Ter illustratie geeft hij het voorbeeld van de godsdienstleraar in Rijssen. Deze had contact gehad met dertig jongens en er kwamen slechts twaalf klachten. Blijkbaar hadden de andere achttien jongens er geen moeite mee. Een conclusie die wel erg snel getrokken wordt. Wafelbakker legt in zijn provocerende standpunt de verantwoordelijkheid bij de jongens en draait daarmee alles om.

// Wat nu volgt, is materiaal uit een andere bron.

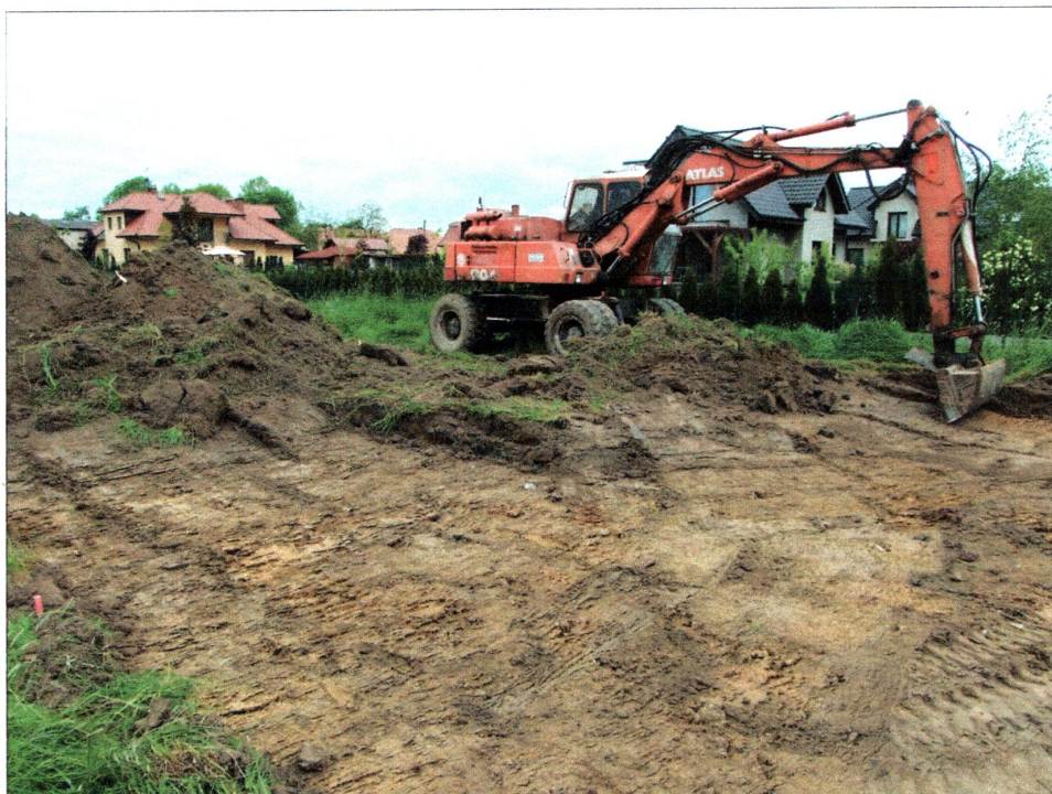
Fot. 1 Nadzór nad pracami przy odhumusowywaniu terenu pod budynek mieszkalny
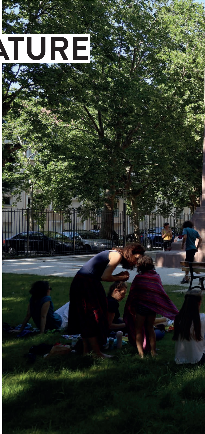
PLACE DE LA CROIX DE BOURGOGNE

En proposant des éco ateliers aux citoyens, en expérimentant dans ces espaces verts de nouveaux végétaux économes en eau, en faisant du végétal une priorité dans les projets d'aménagements urbains, elle préserve la biodiversité et le circuit de l'eau et tend à réduire les pics de température.
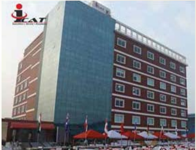
आईकैट परिसर-2, मानेसर
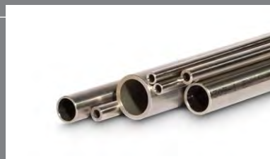
12 Přesné bezešvé hydraulické trubky
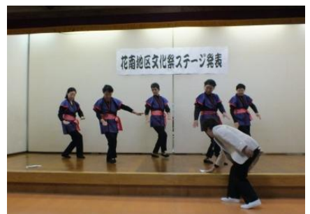
おおっ！！おひねりだ！！

Niet een pedofiel zoekt bevrediging bij jongetjes, maar een 'gerontofiel' zoekt zijn docent op voor seksspelletjes. Hij gaat hiermee volledig voorbij aan alles wat er tot nu toe over pedofilie bekend is. Later komt hij hier enigszins van terug en erkent hij het bestaan van pedofielen. Hij vertelt dat scholen vaak verzuimen zo op te treden dat de betreffende docent niet langer z'n gang kan gaan en komt met de boude uitspraak: 'Als blijkt dat zo iemand zijn handen niet thuis kan houden, moet hij gewoon de bejaardenzorg in'.
De nuance die uit het verhaal van Wafelbakker gehaald kan worden is dat er niet per definitie van uitgegaan moet worden dat seksualiteit tussen jongeren en ouder 'fout' of 'slecht' is. Maar wat levert deze nuance op? Wordt daarmee duidelijk wat je ervan moet vinden? Geeft het inzicht in de visie van de pedofiel? Of houdt het `gewoon' de discussie gaande?